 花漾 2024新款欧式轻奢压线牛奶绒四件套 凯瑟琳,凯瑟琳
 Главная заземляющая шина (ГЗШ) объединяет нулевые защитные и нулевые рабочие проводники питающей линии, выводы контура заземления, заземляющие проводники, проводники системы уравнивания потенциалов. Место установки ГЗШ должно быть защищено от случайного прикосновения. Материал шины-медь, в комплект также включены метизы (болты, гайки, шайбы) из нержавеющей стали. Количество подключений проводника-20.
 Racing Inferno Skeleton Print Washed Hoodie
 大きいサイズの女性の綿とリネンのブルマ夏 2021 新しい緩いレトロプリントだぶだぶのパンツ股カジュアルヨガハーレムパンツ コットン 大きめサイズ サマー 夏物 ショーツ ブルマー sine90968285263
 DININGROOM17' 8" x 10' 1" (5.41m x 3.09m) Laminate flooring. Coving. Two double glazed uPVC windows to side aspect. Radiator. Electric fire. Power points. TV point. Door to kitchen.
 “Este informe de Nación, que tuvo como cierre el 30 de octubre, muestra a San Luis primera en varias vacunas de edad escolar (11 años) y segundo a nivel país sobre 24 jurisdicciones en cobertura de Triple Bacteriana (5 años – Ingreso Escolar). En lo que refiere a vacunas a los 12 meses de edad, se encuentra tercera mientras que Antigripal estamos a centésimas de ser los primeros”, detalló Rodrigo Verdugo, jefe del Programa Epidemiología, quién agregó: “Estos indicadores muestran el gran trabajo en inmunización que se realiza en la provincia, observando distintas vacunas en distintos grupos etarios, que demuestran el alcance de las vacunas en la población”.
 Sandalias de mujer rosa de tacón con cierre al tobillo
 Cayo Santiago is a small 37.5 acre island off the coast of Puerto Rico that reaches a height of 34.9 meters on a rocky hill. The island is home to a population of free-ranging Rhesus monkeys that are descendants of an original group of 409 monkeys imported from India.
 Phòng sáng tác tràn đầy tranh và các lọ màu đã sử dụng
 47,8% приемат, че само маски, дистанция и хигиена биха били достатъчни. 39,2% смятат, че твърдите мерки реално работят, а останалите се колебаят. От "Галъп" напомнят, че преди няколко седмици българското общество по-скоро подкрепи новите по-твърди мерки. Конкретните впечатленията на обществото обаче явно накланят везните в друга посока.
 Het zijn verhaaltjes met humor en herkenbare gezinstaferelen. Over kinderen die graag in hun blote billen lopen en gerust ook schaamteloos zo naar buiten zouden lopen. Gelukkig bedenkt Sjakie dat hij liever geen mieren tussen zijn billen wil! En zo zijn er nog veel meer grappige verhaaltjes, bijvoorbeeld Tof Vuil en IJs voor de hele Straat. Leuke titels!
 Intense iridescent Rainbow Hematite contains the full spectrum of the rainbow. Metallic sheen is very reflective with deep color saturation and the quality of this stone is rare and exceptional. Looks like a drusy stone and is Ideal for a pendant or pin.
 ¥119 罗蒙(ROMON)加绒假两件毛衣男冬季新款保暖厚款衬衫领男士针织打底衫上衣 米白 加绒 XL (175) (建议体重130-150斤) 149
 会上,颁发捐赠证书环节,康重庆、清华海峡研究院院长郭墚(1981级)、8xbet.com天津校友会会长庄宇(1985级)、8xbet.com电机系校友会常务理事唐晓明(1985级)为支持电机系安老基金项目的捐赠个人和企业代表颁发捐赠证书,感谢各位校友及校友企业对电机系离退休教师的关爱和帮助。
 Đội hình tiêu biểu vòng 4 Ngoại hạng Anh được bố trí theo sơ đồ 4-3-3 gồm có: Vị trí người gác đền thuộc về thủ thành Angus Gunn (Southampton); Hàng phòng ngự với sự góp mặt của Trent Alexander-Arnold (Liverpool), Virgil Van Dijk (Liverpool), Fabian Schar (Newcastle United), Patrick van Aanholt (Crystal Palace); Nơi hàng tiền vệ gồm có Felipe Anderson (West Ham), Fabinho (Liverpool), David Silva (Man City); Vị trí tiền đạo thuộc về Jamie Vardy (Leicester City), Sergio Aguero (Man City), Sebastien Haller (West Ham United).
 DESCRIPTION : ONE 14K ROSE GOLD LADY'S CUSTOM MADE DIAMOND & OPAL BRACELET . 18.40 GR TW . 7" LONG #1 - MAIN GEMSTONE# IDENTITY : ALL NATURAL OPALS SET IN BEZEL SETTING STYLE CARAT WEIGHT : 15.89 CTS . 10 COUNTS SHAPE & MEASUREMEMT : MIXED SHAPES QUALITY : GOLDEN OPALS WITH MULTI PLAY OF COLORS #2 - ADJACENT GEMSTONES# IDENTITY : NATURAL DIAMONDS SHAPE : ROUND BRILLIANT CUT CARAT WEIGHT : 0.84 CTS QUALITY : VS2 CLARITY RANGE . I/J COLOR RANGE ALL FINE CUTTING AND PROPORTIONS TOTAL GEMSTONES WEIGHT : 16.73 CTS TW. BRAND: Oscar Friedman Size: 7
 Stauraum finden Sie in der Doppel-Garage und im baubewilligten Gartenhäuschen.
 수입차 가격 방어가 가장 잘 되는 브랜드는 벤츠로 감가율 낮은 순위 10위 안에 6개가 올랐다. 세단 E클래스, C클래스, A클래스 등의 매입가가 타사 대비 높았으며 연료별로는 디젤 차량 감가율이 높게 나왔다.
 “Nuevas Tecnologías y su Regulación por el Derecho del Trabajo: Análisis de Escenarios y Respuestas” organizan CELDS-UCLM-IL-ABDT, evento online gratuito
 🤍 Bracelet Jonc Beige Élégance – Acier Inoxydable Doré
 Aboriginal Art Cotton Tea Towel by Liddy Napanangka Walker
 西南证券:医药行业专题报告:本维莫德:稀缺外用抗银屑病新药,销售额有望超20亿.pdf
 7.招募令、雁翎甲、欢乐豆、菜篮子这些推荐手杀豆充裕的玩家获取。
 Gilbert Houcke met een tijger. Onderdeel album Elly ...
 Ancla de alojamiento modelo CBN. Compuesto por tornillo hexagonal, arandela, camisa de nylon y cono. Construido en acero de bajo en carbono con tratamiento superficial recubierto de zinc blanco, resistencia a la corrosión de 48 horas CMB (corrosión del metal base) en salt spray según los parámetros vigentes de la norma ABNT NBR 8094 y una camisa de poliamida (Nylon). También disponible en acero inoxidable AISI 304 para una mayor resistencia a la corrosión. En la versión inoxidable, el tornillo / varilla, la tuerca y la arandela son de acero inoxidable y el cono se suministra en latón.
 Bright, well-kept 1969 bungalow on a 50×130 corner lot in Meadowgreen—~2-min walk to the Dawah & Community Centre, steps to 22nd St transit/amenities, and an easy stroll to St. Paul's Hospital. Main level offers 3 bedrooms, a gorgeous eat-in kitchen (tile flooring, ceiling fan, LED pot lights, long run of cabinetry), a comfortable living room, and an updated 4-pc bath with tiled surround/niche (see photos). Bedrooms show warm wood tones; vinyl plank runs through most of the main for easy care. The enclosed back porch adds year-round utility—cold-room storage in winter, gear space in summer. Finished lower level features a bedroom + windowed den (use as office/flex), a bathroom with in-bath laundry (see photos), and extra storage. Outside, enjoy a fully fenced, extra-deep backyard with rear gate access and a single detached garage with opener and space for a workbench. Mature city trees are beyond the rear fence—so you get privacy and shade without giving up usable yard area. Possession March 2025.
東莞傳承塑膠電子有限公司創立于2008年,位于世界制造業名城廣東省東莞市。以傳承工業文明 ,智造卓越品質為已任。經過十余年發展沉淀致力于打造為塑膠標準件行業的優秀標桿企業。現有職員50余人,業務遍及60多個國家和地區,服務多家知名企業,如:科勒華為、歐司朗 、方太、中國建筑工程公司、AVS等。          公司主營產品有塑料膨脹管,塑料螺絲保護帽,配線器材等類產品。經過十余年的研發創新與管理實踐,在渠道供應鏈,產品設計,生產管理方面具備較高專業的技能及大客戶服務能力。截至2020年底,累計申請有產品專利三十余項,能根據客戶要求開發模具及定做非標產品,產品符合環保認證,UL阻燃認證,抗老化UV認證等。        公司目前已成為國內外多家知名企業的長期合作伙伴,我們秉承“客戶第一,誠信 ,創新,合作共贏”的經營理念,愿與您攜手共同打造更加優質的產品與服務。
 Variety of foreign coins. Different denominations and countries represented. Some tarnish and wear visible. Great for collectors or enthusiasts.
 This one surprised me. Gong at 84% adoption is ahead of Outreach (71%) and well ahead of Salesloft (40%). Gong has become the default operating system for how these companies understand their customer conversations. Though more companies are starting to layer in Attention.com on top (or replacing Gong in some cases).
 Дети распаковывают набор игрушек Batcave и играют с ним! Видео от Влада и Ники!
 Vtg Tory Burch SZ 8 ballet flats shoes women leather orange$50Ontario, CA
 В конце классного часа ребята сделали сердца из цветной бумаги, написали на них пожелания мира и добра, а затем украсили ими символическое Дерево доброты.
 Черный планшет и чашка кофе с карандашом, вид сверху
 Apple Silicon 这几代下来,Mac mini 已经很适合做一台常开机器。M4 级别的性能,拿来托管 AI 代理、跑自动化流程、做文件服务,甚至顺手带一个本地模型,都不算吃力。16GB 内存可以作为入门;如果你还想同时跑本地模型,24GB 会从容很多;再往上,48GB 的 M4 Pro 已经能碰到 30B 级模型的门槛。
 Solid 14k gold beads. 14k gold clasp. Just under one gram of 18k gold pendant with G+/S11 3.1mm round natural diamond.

****************

■ **Your assignment**:
Using the records above, copy word for word the line with "Phòng sáng tác", the line with "Het zijn verhaaltjes", and every line between them.

■ **Reply to the exercise**:
 Phòng sáng tác tràn đầy tranh và các lọ màu đã sử dụng
 47,8% приемат, че само маски, дистанция и хигиена биха били достатъчни. 39,2% смятат, че твърдите мерки реално работят, а останалите се колебаят. От "Галъп" напомнят, че преди няколко седмици българското общество по-скоро подкрепи новите по-твърди мерки. Конкретните впечатленията на обществото обаче явно накланят везните в друга посока.
 Het zijn verhaaltjes met humor en herkenbare gezinstaferelen. Over kinderen die graag in hun blote billen lopen en gerust ook schaamteloos zo naar buiten zouden lopen. Gelukkig bedenkt Sjakie dat hij liever geen mieren tussen zijn billen wil! En zo zijn er nog veel meer grappige verhaaltjes, bijvoorbeeld Tof Vuil en IJs voor de hele Straat. Leuke titels!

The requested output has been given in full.